Google Fi (sebelumnya dikenal sebagai Project Fi) adalah operator jaringan virtual seluler (MVNO), yang berarti bahwa alih-alih hanya menggunakan salah satu dari “empat besar” operator, Google Fi secara otomatis melompat di antara beberapa jaringan seluler tergantung pada yang memiliki layanan yang lebih baik. Fi melompat antara Sprint, T-Mobile, dan US Cellular, dan juga mendukung Wi-Fi kapan pun memungkinkan, termasuk untuk panggilan dan SMS.
Daya tarik utama Google Fi adalah skema penetapan harga sederhana yang, tergantung pada kebiasaan penggunaan seseorang, sehingga dapat berakhir menjadi lebih murah daripada operator yang lebih besar. Biayanya $ 20 untuk panggilan dan SMS tanpa batas, dan $ 10 per gigabyte data. Pengguna mendapatkan kembali uang untuk data apa pun yang tidak mereka gunakan, dan penggunaan data lebih dari 6 GB gratis (meskipun Google akan mengurangi kecepatan setelah pengguna mencapai 15 GB). Fi juga tidak memiliki biaya roaming di lebih dari 170 lokasi.

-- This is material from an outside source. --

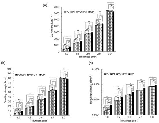 At 0.2% offset load, the PU specimen values were significantly lower than those of the other samples at thicknesses of 1.0, 1.5, and 2.0 mm. The VT specimen value was significantly higher than that of specimens with a thickness of 1.5 mm, and the VU specimen value was higher than that of specimens with a thickness of 2.0 mm. The PT specimen values were significantly higher than those of the PU specimens under the condition of thicknesses of 2.5 and 3.0 mm. The CP value was higher than that of other specimens under the condition of thickness of 1.0, 1.5, and 2.0 mm (Figure 5a).

Namun terlepas dari kesederhanaan dan harga yang menarik, Google Fi tidak terlalu berguna karena hanya berfungsi dengan sejumlah kecil ponsel, yaitu dari Motorola dan jajaran produk Pixel milik Google sendiri.
Hal Itu berubah mulai Rabu
Mulai Rabu (28/11), Google Fi akan bekerja dengan iPhone yang menjalankan iOS 11, serta banyak ponsel baru Samsung, LG, Moto, dan OnePlus yang menjalankan Android 7.0 atau lebih tinggi.
Namun, penggunaan di iPhone masih dalam “beta,” yang berarti pengguna harus bersiap untuk bug, dan tidak akan dapat menggunakan fitur tertentu seperti pesan suara visual dan tethering internasional. iPhone juga tidak dapat melakukan panggilan dan SMS melalui Wi-Fi.
Google pertama kali meluncurkan layanan Fi lebih dari tiga tahun yang lalu, dan sebagai bagian dari pengumuman hari Rabu, mereka mengubah namanya dari “Project Fi” menjadi “Google Fi,” mungkin menandakan komitmen untuk menjaganya agar tetap hidup. Google terkenal karena membunuh atau mengurangi proyek komunikasi, termasuk layanan internet Fiber-nya, ponsel modular Project Ara, dan aplikasi obrolan Allo-nya.